RW: Exactly. I don't think I have ever made anything that hasn't been related to my own physicality, my scale.
(Whiteread continues to talk about the 'human scale' in her Water Tower in New York).

I was just wondering how this related to Sylvester's writing on Moore, for instance, and it occurred to me that this sensitivity to scale was what he found lacking in many of Moore's larger works. This is from a 1996 text on de Kooning:

'When Henry Moore, reacting very positively to de Kooning's first sculptures- the thirteen hand-sized pieces that the artist made in 1969- suggested that some of the m could be enlarged to a monumental size, the advice was of course flattering. But it might have given de Kooning pause, because Moore's enlargements of his own work were notorious for the fallibility of his judgment as to how big they could afford to be. He often went too far, so that the result looks overblown; there is a certain tendency for his maquettes, made with his own hands as he worked alone in a small studio, to be more alive, more poetic, more compelling, than the big sculptures that came out of them.'

Sylvester was far from unusual in his belief that bigger wasn't always better in Moore's work, but whereas many objected to him relying upon big public commissions, particularly from the US, or selling his sculptures in various sizes, this wasn't Sylvester's objection. Indeed in his 1968 monograph on Moore, he gives Locking Piece as an example of 'one of the few images Moore has realized in both medium-size and large versions which works about equally well as both'. The issue was how far Moore had drifted from his 1937 statement that 'there is a right physical size for every idea'. In the 1960s, by which time Moore had completed some of his best-known public works, Minimalist artists such as Morris retained the sensitivity to scale which he thought Moore had lost. Not only did Sylvester interview Morris at the same time that he was organising Moore's 1968 Tate exhibition, he was already planning for the Morris exhibition which was to take place at the Tate in 1971 (although Sylvester ended feeling that his plans for an elegant retrospective of Morris' Minimalist works had been sabotaged by the participatory installation that Morris favoured.

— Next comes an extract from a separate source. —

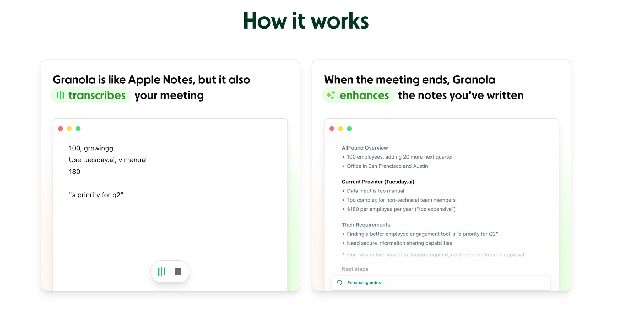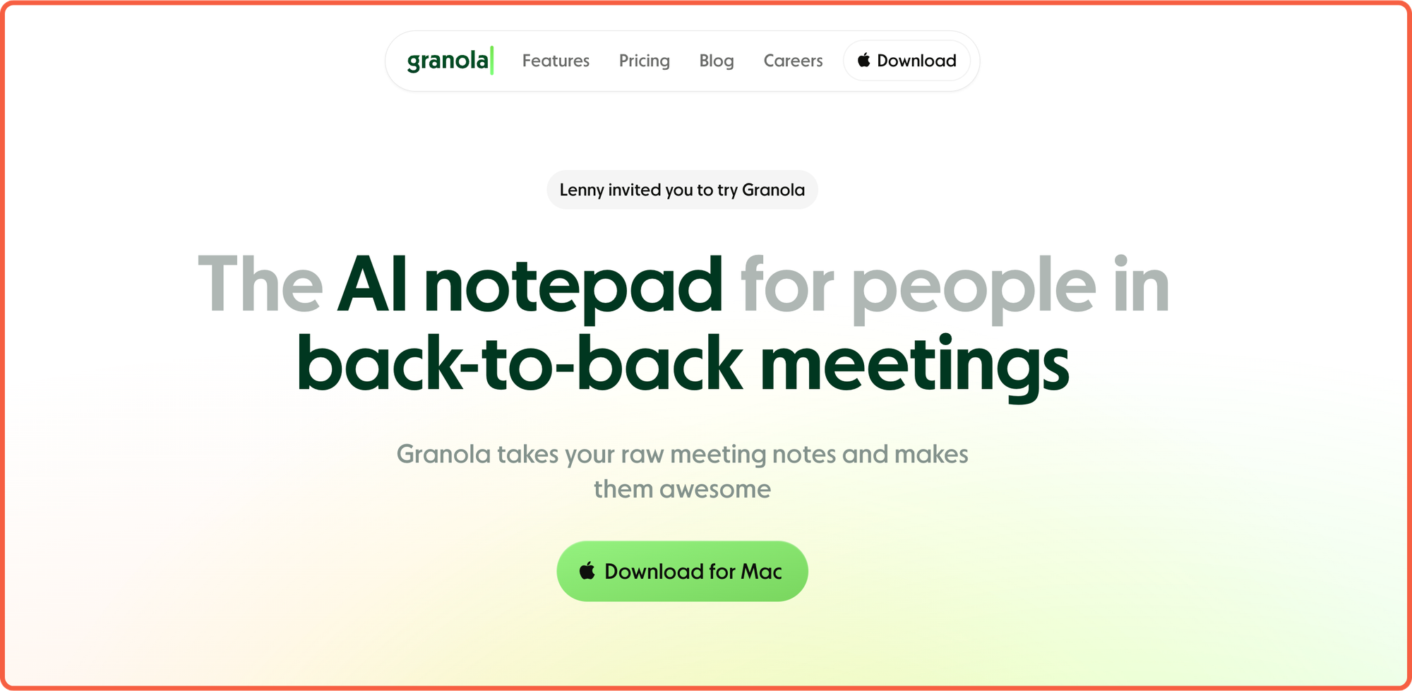 Granola is an AI notepad built for back-to-back meetings. You take quick notes. It listens on your device and builds a clean transcript in real time. No meeting bots join your calls. After the meeting, the AI turns your notes and transcript into clear summaries with decisions and action items.

What I like about Sylvester's writing on Moore, which can be followed from the early 1940s up to the 1990s, is how most of Sylvester's changing interests can be glimpsed in it somewhere. The 1968 catalogue is the best example of this- apart from the artists mentioned in the text, it seems clear to me that the text shows Sylvester thinking about Moore in relation to Minimalism, Oldenburg (in the 'Hard and Soft' section) and others.



2 comments:

  1. Hi James, I thought this interesting. However I'm not convinced that Whiteread is more sensitive to scale than Moore. When she says she hasn't made anything which didn't relate to her own sense of scale, or own physicality, this seems to me to imply a lack of sensitivity to scale. Her sculptures come with their own built-in sense of scale, one which has been pre-formed by the objects she chooses. Pretty much everyone in a society filled with chairs, rooms, mattresses is to some extent sensitive to their particular scale - in the sense of being unthinkingly aware of, and able to judge even small deviations from generally created norm. For Moore - and not just because of his idea about the rightness of size for any given idea, but for the more direct reason he has to create things that are not at a literal and familiar size - sensitivity to scale is an issue that it just isn't for Whiteread.

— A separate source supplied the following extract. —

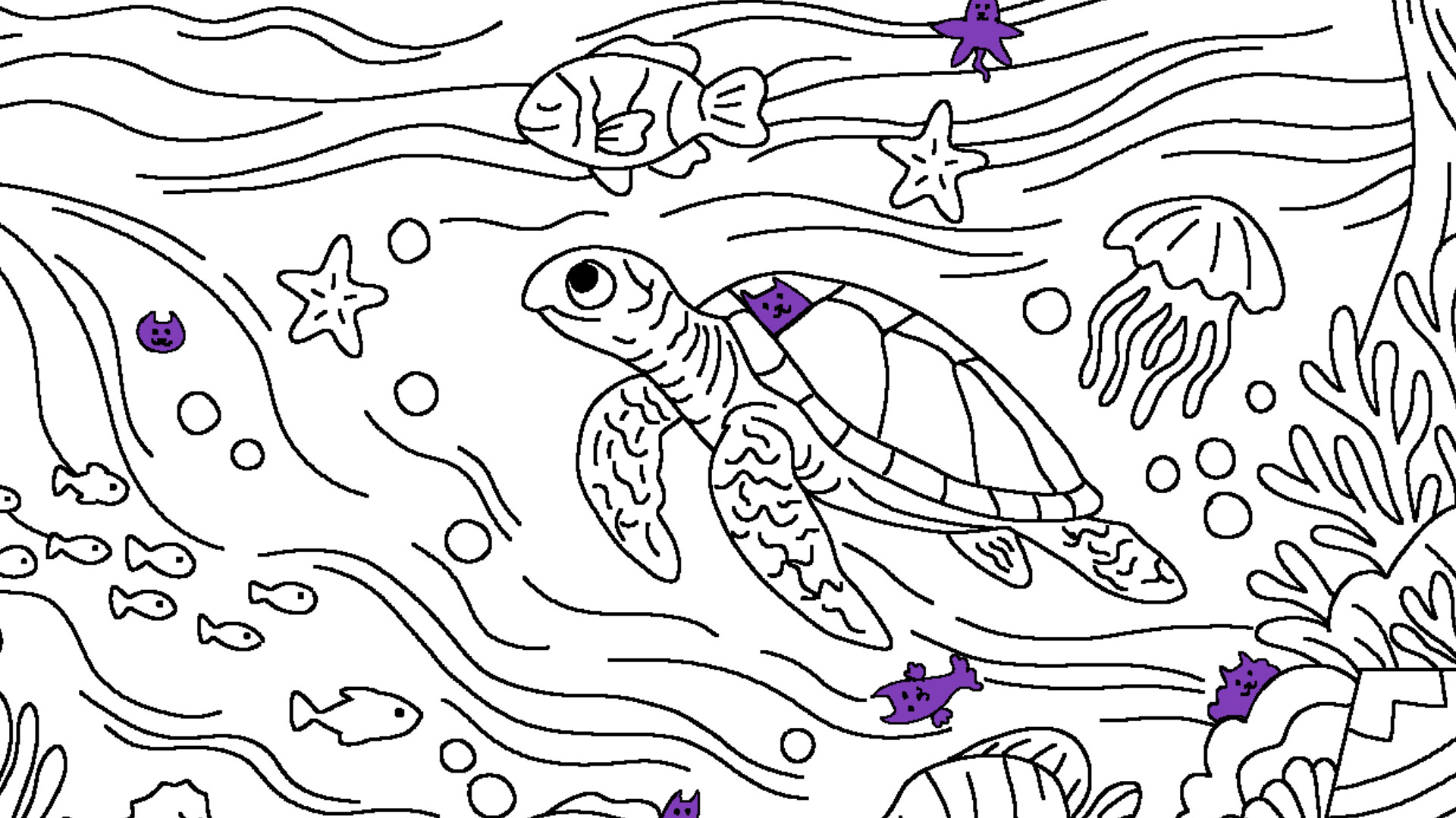 🔎 After finding the cats, 🎨 a relaxing coloring experience awaits. The game offers only color-by-numbers mode, letting you easily bring each scene to life.

    And come to think of it 'sensitivity to scale' is quite a odd expression isn't it? Without extended explanation such as Sylvester gives is it any more meaningful than, say, 'rightness of form'? Does it just mean 'the right overall size' or, when it goes out of wack, 'the wrong overall size'? When I'm looking at a work of art, scale seems to me to a much more internal thing - i.e. the ability for the work to connect larger to smaller structures, or to hold larger against smaller. Which leads me to wonder whether it is best judged in relation to our bodies overall size? Although Minimalism does't give you very much else to think about, this seems unhelpful for considering Moore. Don't we have lots of different senses of scale (which Whiteread's sculptures short-cut to)? Perhaps imagine dancing with someone who was the right height, but who had hands hugely out of proportion to your own!?

    Fried on Caro's table-pieces - and on the means Caro employs to make them not seem like moquettes - might be interesting in this context.... Not that I'm just about to rush off and re-read him!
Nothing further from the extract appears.